In April 2014, Kennedy emailed Forest City Chief Operating Officer David Berliner, expressing dismay that the developer had told the New York Times it planned to build the next two Atlantic Yards towers via conventional means, thanks to its upcoming joint venture with Greenland USA. The loss of that pipeline jeopardized Skanska’s investment in the factory.

In response, Berliner noted that the developer had to plan the next building immediately and that only a completed and leased B2--at that point far from finished--would trigger agreed-on conditions for a new modular contract. “As you can see in the press,” Berliner wrote cordially, “we have touted the modular technology experiment.”

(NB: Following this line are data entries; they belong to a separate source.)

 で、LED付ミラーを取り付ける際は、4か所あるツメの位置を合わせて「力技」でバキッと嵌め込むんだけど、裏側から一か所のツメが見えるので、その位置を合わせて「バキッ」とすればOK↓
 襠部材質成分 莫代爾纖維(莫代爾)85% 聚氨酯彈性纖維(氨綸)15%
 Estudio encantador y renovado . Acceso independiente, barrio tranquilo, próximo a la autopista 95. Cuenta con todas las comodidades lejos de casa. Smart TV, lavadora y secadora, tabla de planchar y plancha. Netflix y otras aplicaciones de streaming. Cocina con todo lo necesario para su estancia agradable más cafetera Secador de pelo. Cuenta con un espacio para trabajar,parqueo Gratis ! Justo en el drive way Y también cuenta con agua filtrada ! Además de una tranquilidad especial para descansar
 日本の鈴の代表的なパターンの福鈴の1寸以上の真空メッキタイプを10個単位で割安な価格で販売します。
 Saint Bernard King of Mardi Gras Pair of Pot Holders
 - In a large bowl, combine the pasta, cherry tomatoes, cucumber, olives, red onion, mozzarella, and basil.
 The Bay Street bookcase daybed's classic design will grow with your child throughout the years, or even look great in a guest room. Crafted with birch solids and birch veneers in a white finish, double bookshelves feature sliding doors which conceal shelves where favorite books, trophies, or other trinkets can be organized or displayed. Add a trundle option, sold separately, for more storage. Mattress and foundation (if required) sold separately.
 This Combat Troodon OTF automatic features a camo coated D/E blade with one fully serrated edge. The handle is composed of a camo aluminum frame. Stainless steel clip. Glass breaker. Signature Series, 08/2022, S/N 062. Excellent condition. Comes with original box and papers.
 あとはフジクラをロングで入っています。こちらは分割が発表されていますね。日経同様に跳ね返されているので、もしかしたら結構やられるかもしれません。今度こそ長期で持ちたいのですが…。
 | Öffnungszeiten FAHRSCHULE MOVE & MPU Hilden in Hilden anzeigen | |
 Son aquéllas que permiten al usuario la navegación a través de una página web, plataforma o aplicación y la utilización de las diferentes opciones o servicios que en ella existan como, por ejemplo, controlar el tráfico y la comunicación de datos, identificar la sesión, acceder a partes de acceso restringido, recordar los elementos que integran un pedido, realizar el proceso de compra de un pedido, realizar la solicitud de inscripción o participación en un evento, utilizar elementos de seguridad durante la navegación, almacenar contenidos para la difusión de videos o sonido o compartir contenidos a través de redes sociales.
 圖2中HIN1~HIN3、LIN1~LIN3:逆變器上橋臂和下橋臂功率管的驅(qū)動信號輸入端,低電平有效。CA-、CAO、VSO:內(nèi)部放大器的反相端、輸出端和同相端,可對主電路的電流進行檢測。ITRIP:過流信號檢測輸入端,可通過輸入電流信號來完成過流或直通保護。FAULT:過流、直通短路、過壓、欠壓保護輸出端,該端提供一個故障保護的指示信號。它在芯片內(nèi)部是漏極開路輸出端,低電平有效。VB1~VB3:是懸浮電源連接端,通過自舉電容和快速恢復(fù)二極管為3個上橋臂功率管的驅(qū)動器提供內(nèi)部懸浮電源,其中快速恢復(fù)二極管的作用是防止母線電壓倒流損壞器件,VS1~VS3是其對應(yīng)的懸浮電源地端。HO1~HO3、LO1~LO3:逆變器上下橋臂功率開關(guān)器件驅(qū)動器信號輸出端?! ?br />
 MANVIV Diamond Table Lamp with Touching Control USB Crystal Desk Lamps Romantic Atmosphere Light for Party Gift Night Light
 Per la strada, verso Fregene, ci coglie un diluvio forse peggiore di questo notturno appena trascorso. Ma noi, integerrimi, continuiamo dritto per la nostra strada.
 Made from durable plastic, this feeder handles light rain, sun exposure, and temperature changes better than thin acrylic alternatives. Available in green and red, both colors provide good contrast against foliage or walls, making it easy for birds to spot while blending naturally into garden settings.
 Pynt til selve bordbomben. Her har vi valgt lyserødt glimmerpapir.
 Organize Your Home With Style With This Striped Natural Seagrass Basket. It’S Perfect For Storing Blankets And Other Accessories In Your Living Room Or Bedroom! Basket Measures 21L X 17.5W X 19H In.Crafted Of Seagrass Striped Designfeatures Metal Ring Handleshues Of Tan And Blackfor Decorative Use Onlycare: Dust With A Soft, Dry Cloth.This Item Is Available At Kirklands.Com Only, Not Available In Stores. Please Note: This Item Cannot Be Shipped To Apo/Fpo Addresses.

That phrasing, Kennedy replied with frustration, was “a far cry from the definitive representations” made by Forest City executives about how they’d “cracked the code.”

New wariness

In the wake of B2’s struggles, both modular builders and government sponsors grew wary. “Hopefully, we’ll sign contracts with some hotel developers and some mid-rise projects in Brooklyn,” Krulak said of the modular company, renamed FullStack Modular, in October 2016. (Hotels, of course, feature standardized units.)

“One thing we’ve learned is don’t try to do high-rise,” New York City’s then-Deputy Mayor Alicia Glen said in March 2018. In March 2019, the city announced a seven-story project in East New York involving FullStack Modular.

From 461 Dean website
Forest City, after finishing 461 Dean, withdrew further from the project. In March 2018, not long after announcing it would sell nearly all its remaining Pacific Park share to Greenland USA, it sold 461 Dean, the only tower it owned outright, to Iowa-based Principal Global Investors.

Oddly, as I wrote for TreeHugger in October 2018, several press accounts straightfacedly repeated the claim that the use of modular techniques purportedly allowed Forest City to save 20 percent on construction costs.

Today the 461 Dean website proclaims sunnily that the tower was “handcrafted locally in the Brooklyn Navy Yard as the tallest modular building in the world.”